Bersama istri dan putranya pada tahun 2016, ia melarikan diri dari Suriah barat laut yang dilanda perang, tempat ia menjual komputer, ke Turki, tempat ia mencari nafkah dengan menjual buah dan sayuran. Turki telah menerima jutaan pengungsi Suriah dari perang yang berlangsung selama hampir 13 tahun.
Di Bursa, biaya sewa lima kali lebih tinggi dibandingkan di Hatay, dan Muaini mengatakan dia bergantung pada saudaranya untuk membantu membayar biaya sewa dan makanan. Tagihan medis menumpuk dan mencakup biaya operasi kandung kemih terkait cedera gempa bumi.

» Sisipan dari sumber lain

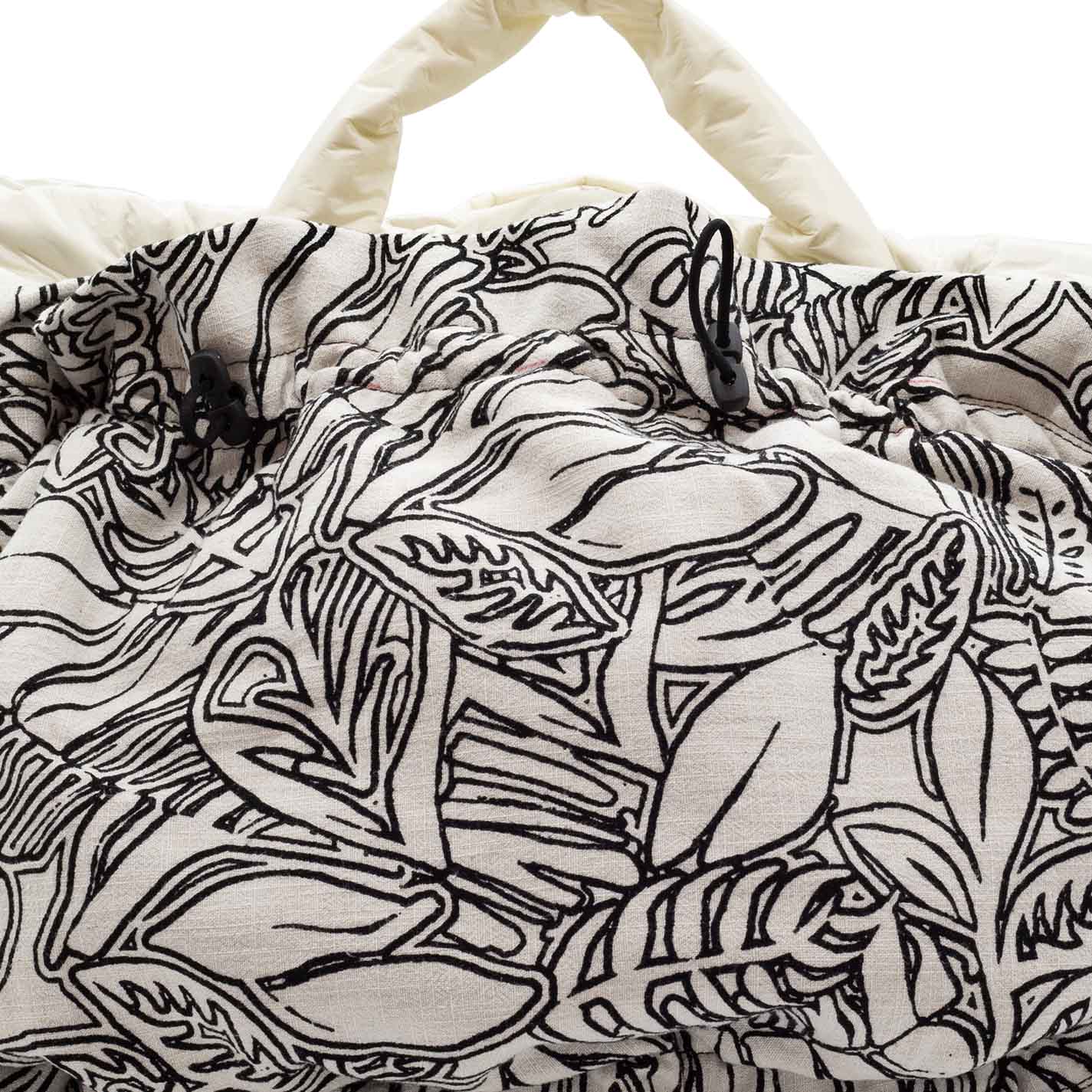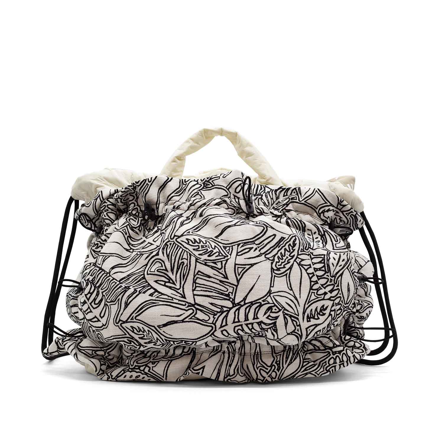 Shopper coulisse bianca/nera realizzata in nylon e tessuto fantasia floreale misto lino, con arricciature create da multi tira coulisse, chiusura con automatici nascosti. Tracolla logata e passa lacci in corda per poterlo indossare a zaino.

Merve Akyuz, seorang dokter pengobatan fisik dan rehabilitasi di Rumah Sakit Kota Bursa, mengatakan bahwa meskipun fisioterapi yang baru dimulai untuk kaki yang lumpuh menawarkan secercah harapan bagi Muaini, akan membutuhkan waktu untuk dapat berjalan kembali.
“Setelah fisioterapi dan prostesis, dia dapat melanjutkan kehidupan sehari-harinya… Namun proses pengobatan yang panjang menanti kami,” katanya.

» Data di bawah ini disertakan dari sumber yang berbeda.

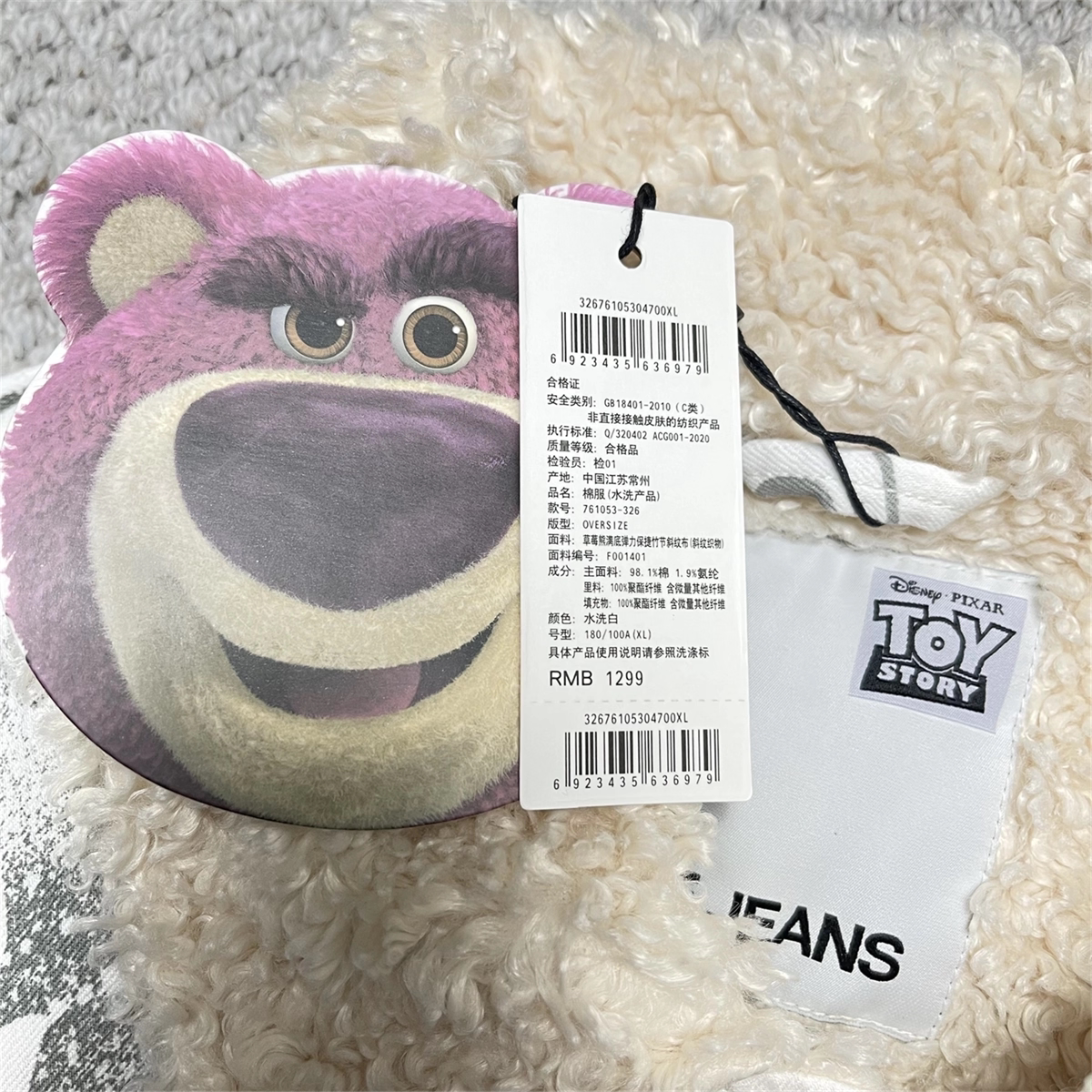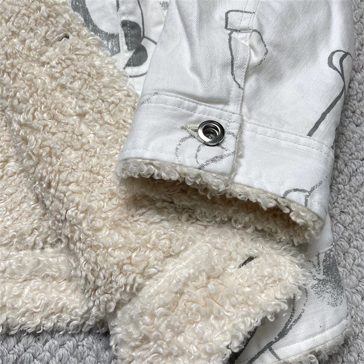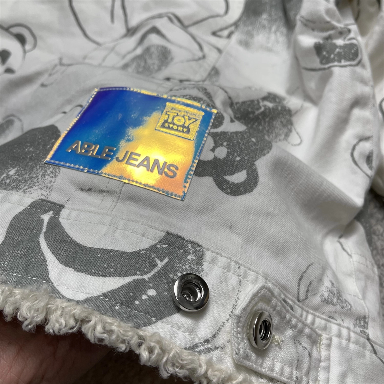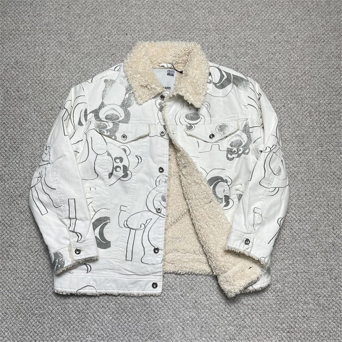 Able Jeans Fur Collar Padded Denim Jacket 761053-326 Strawberry Bear Collaboration Model

Muaini, yang membutuhkan bantuan untuk bangun dari tempat tidur dan sebagian besar tugas lainnya, mengatakan yang bisa ia lakukan saat ini hanyalah membaca Alquran, berdoa, dan mengobrol dengan teman dan kerabat.
Ketika ditanya apakah dia menyesal datang ke Turki, dia berkata:
"Tidak, ini takdir... Saya tidak tahu apa yang terjadi dengan rumah saya di Aleppo. Tapi mungkin saya bisa kembali suatu hari nanti ketika perang benar-benar berakhir."